## Work task:
Repeat each line of the data below exactly, but skip the pictures.

===== Material provided =====

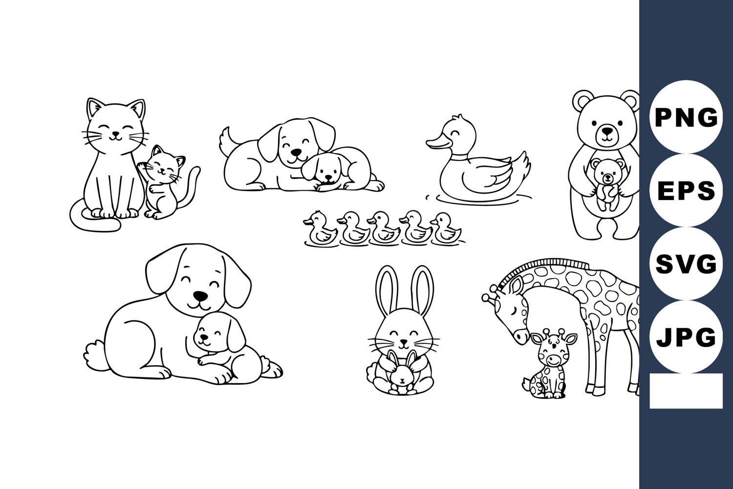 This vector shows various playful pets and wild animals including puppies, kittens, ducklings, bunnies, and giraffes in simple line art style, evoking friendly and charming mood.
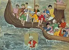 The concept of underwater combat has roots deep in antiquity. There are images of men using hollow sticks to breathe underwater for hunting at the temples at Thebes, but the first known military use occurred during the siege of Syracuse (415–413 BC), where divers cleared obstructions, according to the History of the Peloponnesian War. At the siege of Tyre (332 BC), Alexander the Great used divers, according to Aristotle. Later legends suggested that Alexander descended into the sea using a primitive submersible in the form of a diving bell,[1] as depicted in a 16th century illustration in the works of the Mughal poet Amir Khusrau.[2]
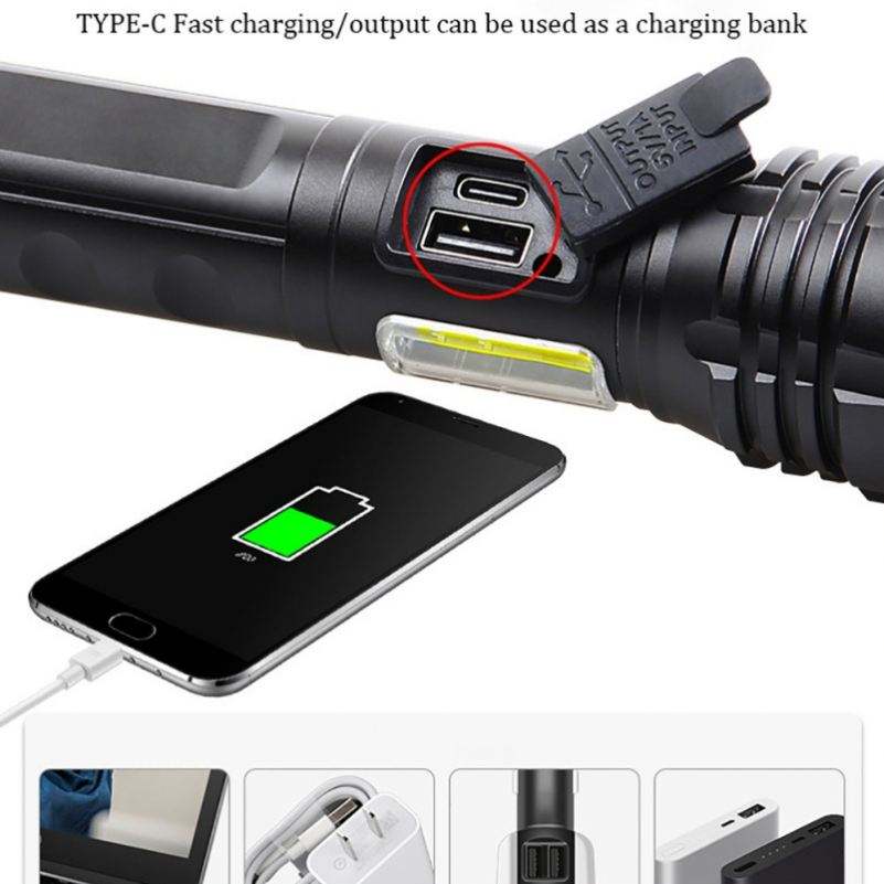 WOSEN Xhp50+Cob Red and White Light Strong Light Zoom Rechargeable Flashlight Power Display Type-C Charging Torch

=====

## Response below:
 This vector shows various playful pets and wild animals including puppies, kittens, ducklings, bunnies, and giraffes in simple line art style, evoking friendly and charming mood.
 The concept of underwater combat has roots deep in antiquity. There are images of men using hollow sticks to breathe underwater for hunting at the temples at Thebes, but the first known military use occurred during the siege of Syracuse (415–413 BC), where divers cleared obstructions, according to the History of the Peloponnesian War. At the siege of Tyre (332 BC), Alexander the Great used divers, according to Aristotle. Later legends suggested that Alexander descended into the sea using a primitive submersible in the form of a diving bell,[1] as depicted in a 16th century illustration in the works of the Mughal poet Amir Khusrau.[2]
 WOSEN Xhp50+Cob Red and White Light Strong Light Zoom Rechargeable Flashlight Power Display Type-C Charging Torch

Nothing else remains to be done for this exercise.